> Dataset items
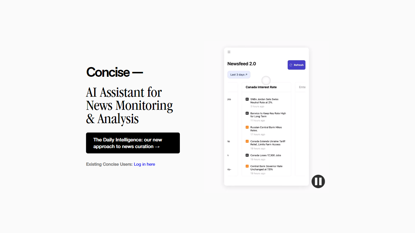 - **AI-Powered News Analysis**: Concise uses artificial intelligence to analyze and monitor news stories providing users with insightful and tailored content.
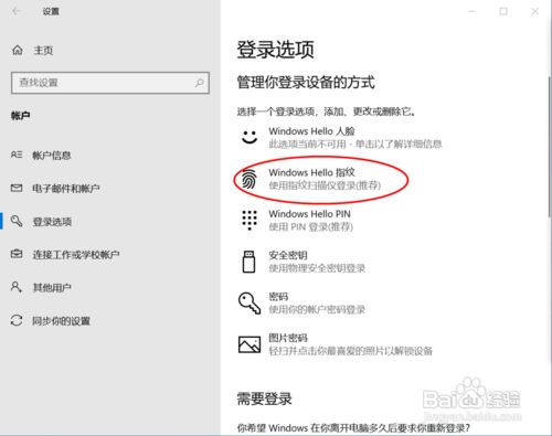 5、登录选项中呈现很多多少种登录设备的体例,点击“Windows Hello 指纹”
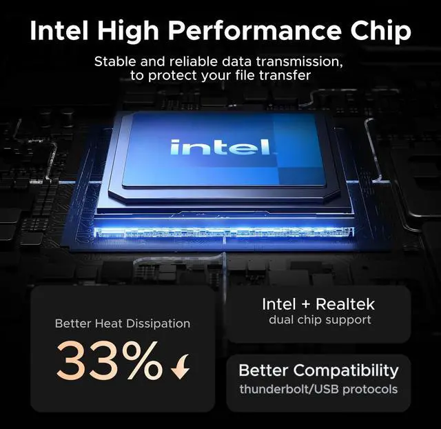 Dual-chip Design 40G Ultra-fast transmission: This product utilizes dual-chip technology with advanced 40G chip JHL7440 and 10G chip RTL9210, which allows the product to maintain the high speed while reducing heat generation and protecting your SSD.
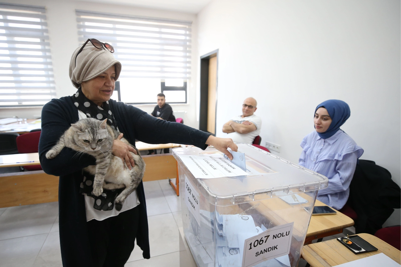 Yaklaşık 10 yıl önce sokakta bulduğu "Duman" isimli kedisi ile Gazi Mustafa Kemal İlkokuluna gelen Çelik, 1067 nolu sandıkta oyunu kullandı.
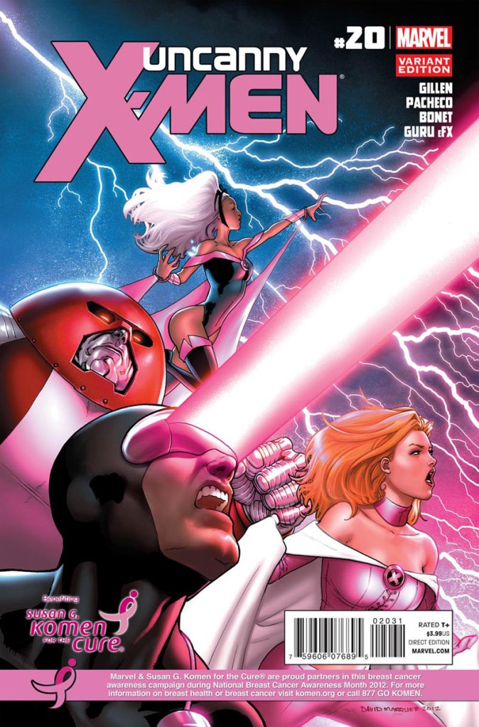 Marvel Comics Breast Cancer Awareness Covers: Week Two October 18, 2012February 14, 2013 / Michael Alexander Henke The second week of Marvel’s Breast Cancer Awareness covers sees three releases featuring Thor, Captain Marvel, and The Uncanny X-Men. Captain Marvel #5 Cover by Joe Quiñones The Mighty Thor #21 Cover by Mike Perkins & Sonia Oback Uncanny X-Men #20 Cover by David Marquez & Chris Sotomayor Please, share this with your friends! Click to share on Facebook (Opens in new window) Facebook Click to share on Tumblr (Opens in new window) Tumblr Click to share on X (Opens in new window) X Click to share on Reddit (Opens in new window) Reddit Click to share on Pinterest (Opens in new window) Pinterest Click to email a link to a friend (Opens in new window) Email Like Loading... Related
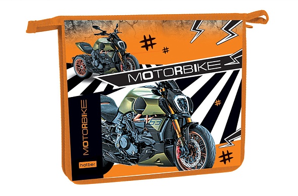 Папка для тетрадей А5 1 отделение Hatber Мотобайк 205х240х40мм на молнии
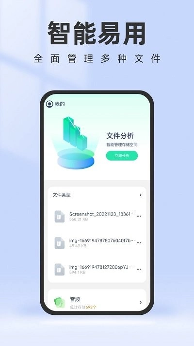 文件管理:可对手机内的图片、音频、视频、文档以及微信、QQ等各类文件进行分类整理。
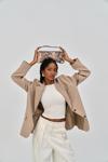 Bolivente Taş Rengi Kadın Düğmeli Oversize Blazer Ceket

> Task
Copy exactly the lines from the line that contains "Папка для тетрадей" through the last line of the records above, both ends included, but leave out the pictures.

> Output for this task
 Папка для тетрадей А5 1 отделение Hatber Мотобайк 205х240х40мм на молнии
 文件管理:可对手机内的图片、音频、视频、文档以及微信、QQ等各类文件进行分类整理。
 Bolivente Taş Rengi Kadın Düğmeli Oversize Blazer Ceket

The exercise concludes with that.